Nakadi logs a lot of stuff. It’s very useful, but also comes with a cost. Recently, we were looking at our logs, and noticed that our SLO logging amounts for a large percentage of our logs. So we combined it with our access log, which significantly reduced the number of lines logged.

[Changed] Stricter JSON parser

Pull Request 1

Pull Request 2

While working on an internal service that consumes data from Nakadi, we noticed that the JSON parser in Nakadi is a bit too lax, and allows event producers to publish incorrect JSON. The issue is that our new service’s parser couldn’t parse that. In this change, we implemented a new parser, which is both more strict and more efficient. So, Nakadi performs a little bit better, and consumers have stronger guarantees regarding the events they consume.

In order to avoid breaking existing producers, we released this feature in two parts: first, we would log events that would be accepted by the old parser but not by the new one. We ran this version for a few days and got in touch with affected producers. Once we were satisfied that all producers would not be affected, we release the second pull request, which only uses the new, stricter parser.

[New] Feature flag to allow the deletion of event types with subscriptions

Pull Request

So far, deleting an event type has only been possible if there were no subscriptions for this event type.
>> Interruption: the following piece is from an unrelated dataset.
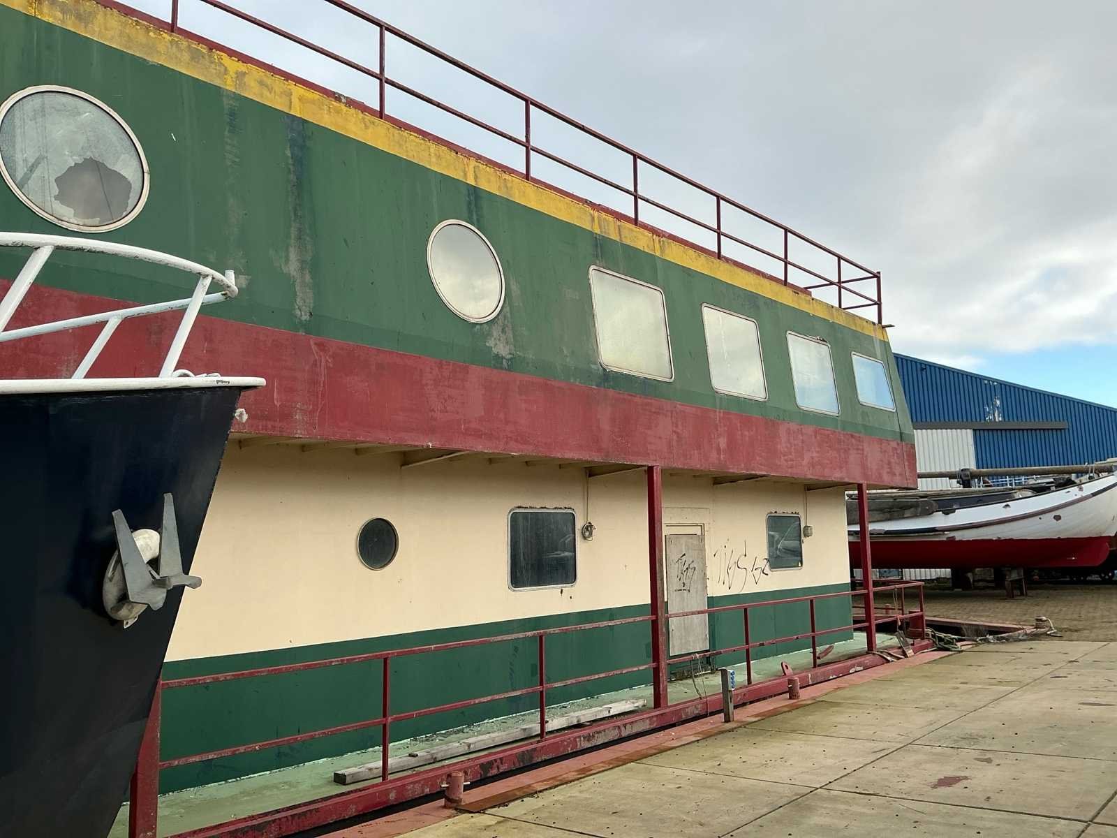 • Het voormalig restaurantschip North Palace, voorzien van brandmerk 11190 B A 1992. • De afmetingen zijn ca. 30,00 meter lang en 12,00 meter breed. Met in totaal 4 verdiepingen is de totale oppervlakte circa 1.200 m². • Dit type schip betreft een ponton, gebouwd door Northland Dutch Yacht Builders tussen 1991 en 1993. In oktober 2023 is een vlakdiktemeting uitgevoerd; de resultaten van dit rapport zijn te vinden in de dataroom. • In het verleden was het iconische Chinese restaurant ‘North Palace’ in het schip gevestigd. Sinds 2013 is het schip niet meer in gebruik geweest. • Met het oog op een nieuwe functie zijn in juli 2020 tekeningen opgesteld om het restaurant te transformeren naar een hotel of een alternatieve gebruiksfunctie. Deze concepttekeningen zijn opgenomen in de dataroom. Er heeft geen verdere toetsing plaatsgevonden op de haalbaarheid hiervan. • Daarnaast is er door een architect een 3D-tekening van het schip opgesteld. Zowel de tekening als de bijbehorende factuur zijn overlegbaar aan de nieuwe eigenaar. • De bovenste verdieping is open, ten behoeve van de mogelijke creatie van een groot dakterras. Hierdoor past het ponton onder de meeste bruggen door. De exacte hoogte bedraagt circa 9 meter. • Notariële begeleiding: Aangezien dit schip kadastraal geregistreerd is, is notariële overschrijving verplicht bij gunning en levering. De keuze van de notaris is vrij, tenzij anders overeengekomen. Alle kosten die verband houden met de notariële afhandeling en levering, waaronder maar niet beperkt tot notariskosten, kadasterkosten, recherches en eventuele aanvullende akten, zijn volledig voor rekening van de koper. Merk: Northland Dutch Yacht Builders Type: Domus Di Aqua Serienummer: 11190 B A 1992 Woonplaats: 1781 AE Den Helder Adres: Het Nieuwe Diep 52 Bestaande bouw: true Totaal oppervlakte: 1200m² Restaurant oppervlakte: 900m² Aantal verdiepingen: 4 Bar: true

The reason behind this is to make sure that no consumers are taken by surprise when an event type is deleted. In our staging deployment, we found that it can sometimes cause issues and delays, especially when consuming applications are configured to automatically re-create subscriptions when they are deleted.

Now, there is a new feature flag, XXX, that allows users to delete event types that have subscriptions attached to them. Note that this will also delete the subscriptions, so we do not recommend turning this feature on for production systems – accidents happen!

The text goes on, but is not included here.